Dive Brief:
- US Foods reported a 2% YoY volume increase through initiatives to improve its supply chain and boost operational efficiencies, executives said during the reefer carrier’s February earnings call.
- The company’s volume gains have come through bolstering employee retention, and it has launched a pilot program offering flexible work schedules and seven-day delivery.
- The company is confident in its approach. “So far in 2023, we are continuing to see volume improvement over the prior year and have not seen signs of softening demand,” CFO Dirk Locascio said during the call.
Dive Insight:
US Foods began shaping its long-term plan to find operational efficiencies in 2021. The strategy focuses on growing market share and revenue, gross margin expansion and cost reduction, the company revealed in April 2022.
Dave Flitman, took over as CEO Jan. 5. He previously served as CEO of Builders FirstSource before joining US Foods and was selected by the company because of his past accomplishments.
“Dave is a highly accomplished executive who brings an impressive combination of CEO, supply chain and commercial experience and a proven track record of driving operational excellence, profitable growth, shareholder returns and a people-centric, high-performing culture,” Bob Dutkowsky, board chairman of US Foods, said in a press release announcing Flitman’s appointment.
Flitman has visited company locations, including an undisclosed site in the Southeast where US Foods has piloted seven-day delivery and flexible schedules. During the company’s Q4 earnings call, Flitman said both initiatives had potential to drive efficiency and reduce turnover across the company.
US Foods reported $1.3 billion in operating expenses, a YoY increase of $153 million or 13.8%. The company blamed higher distribution costs, which factored in more expensive labor due to increased turnover and higher-than-normal wage inflation.
The company’s flexible scheduling pilot program targets employees who support customer deliveries, a US Foods spokesperson said in an email to Transport Dive. It offers a three-to-five-day work week, which has been favorably received by employees because of the opportunities for improved work-life balance.
The company recently expanded the flexible scheduling program to two other undisclosed markets.
Seven-day delivery programs also were launched to accommodate flexible scheduling, an initiative the company believes provides more opportunities to deliver deliver goods during times that customers prefer.
During the company’s Q3 earnings call, Andrew Iacobucci, chief transition officer who served as interim CEO at the time, said both programs gave the company something to build upon.

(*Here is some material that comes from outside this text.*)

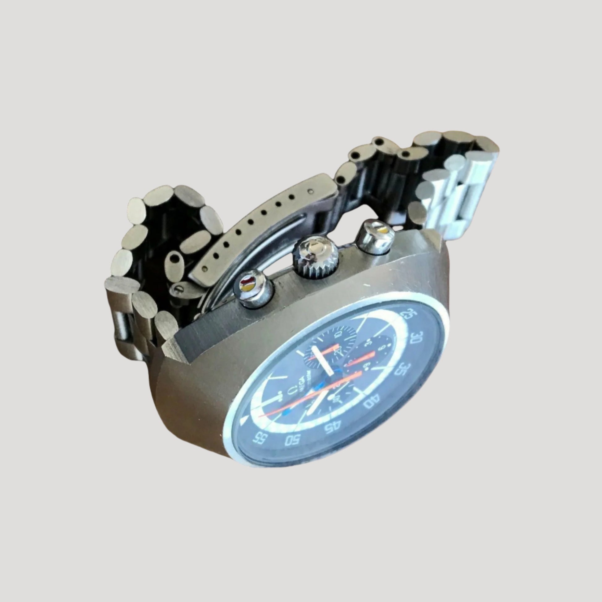The Omega Flightmaster 145.026 is an iconic pilot’s chronograph from the early 1970s, designed specifically for professional aviators. A variation of the original Flightmaster 145.013, this model features an updated Caliber 911 movement with a running seconds subdial instead of the 12-hour counter, making it a distinctive version in the Flightmaster series.

“(A)s we mentioned earlier, a seven-day work week, which has, we think, some really important benefits from a select or turnover standpoint, but we also think there's an opportunity by spreading some of the volume across the week of creating a much better service experience for our customers as well, which is why we're very optimistic about what that could bring,” Iacobucci said during the November earnings call.